Anche l'attività con NFT va nello Schedule D?

Dismettere un NFT è generalmente un evento patrimoniale allo stesso modo della dismissione di un token, quindi la plusvalenza o minusvalenza appartiene tipicamente alla stessa dichiarazione patrimoniale del resto delle tue criptovalute. Alcuni NFT potrebbero essere trattati diversamente a seconda della loro natura e delle tue circostanze, quindi verifica le linee guida IRS correnti o un professionista fiscale per casi particolari.

Il mio commercialista può lavorare con i dati di CryptaTax?

Sì. Il dettaglio del Form 8949 e i totali dello Schedule D includono la cronologia completa delle transazioni sottostanti, quindi un commercialista può verificare la base di ogni dato invece di accettare un riepilogo per buono. Molti contribuenti consegnano direttamente l'export; altri lo compilano da soli. In entrambi i casi, il lavoro è trasparente.

FAQ

Qual è la differenza tra Form 8949 e Schedule D?

Il Form 8949 elenca ogni singola dismissione di criptovalute; lo Schedule D riassume i totali. Di solito si presentano entrambi, e lo Schedule D riporta il risultato netto nel Form 1040.
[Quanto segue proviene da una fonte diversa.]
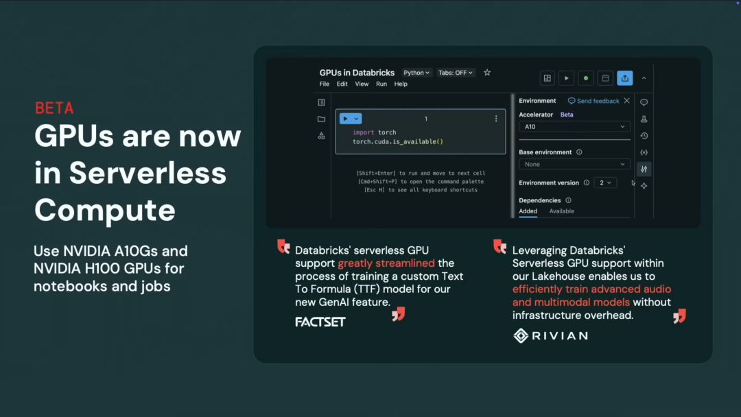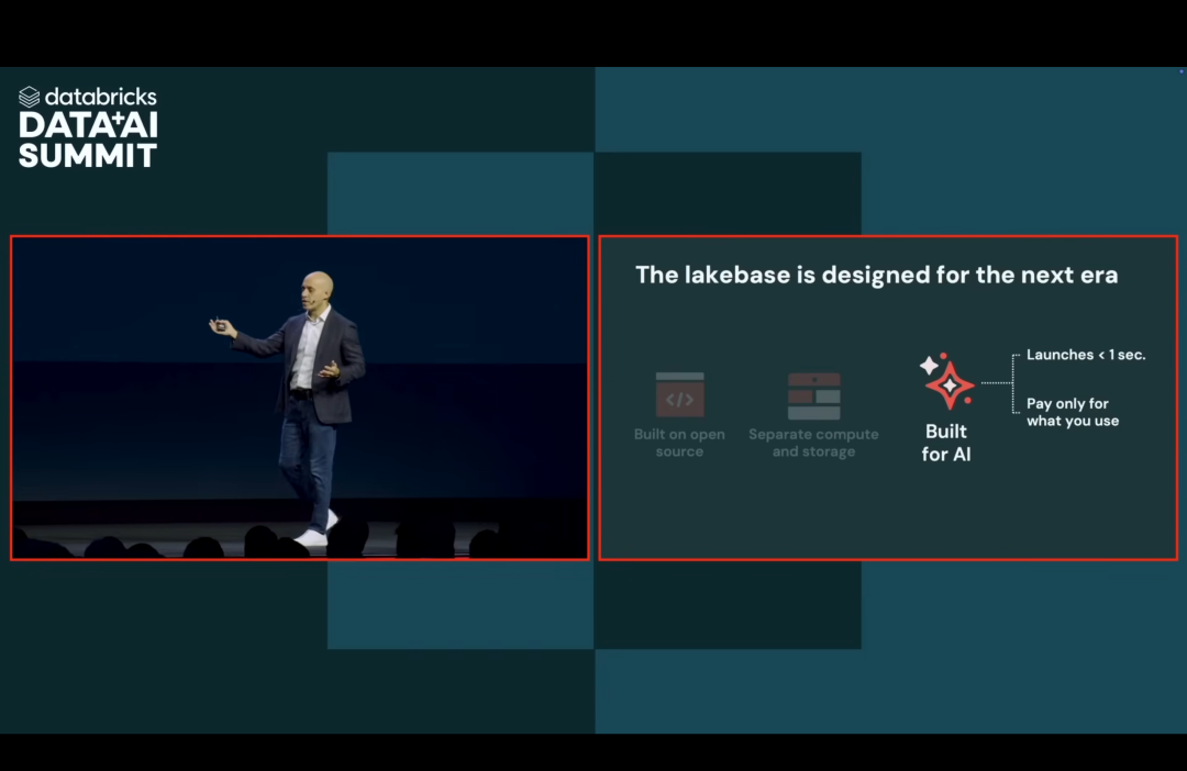 3、发布 lakebase,通过收购 NEON,将 NEON 的 PG 数据库能力也纳入整个平台。主打的能力是 存算分离 和 branch 功能。这两个功能特别适合Agent 使用。(可能代表了数据库在 AI 应用里面的一个关键能力)

Ho bisogno dello Schedule D per le criptovalute?

Se hai effettuato dismissioni imponibili di criptovalute negli Stati Uniti, generalmente sì: le plusvalenze e minusvalenze sono riassunte nello Schedule D.

CryptaTax può compilare lo Schedule D per me?

Sì. Genera i totali dello Schedule D insieme al dettaglio del Form 8949 a partire dalle tue transazioni importate.

Cosa succede se ho avuto una perdita netta?

Fino a $3.000 di perdite patrimoniali nette possono compensare il reddito ordinario dell'anno, e l'eccedenza viene riportata agli anni successivi.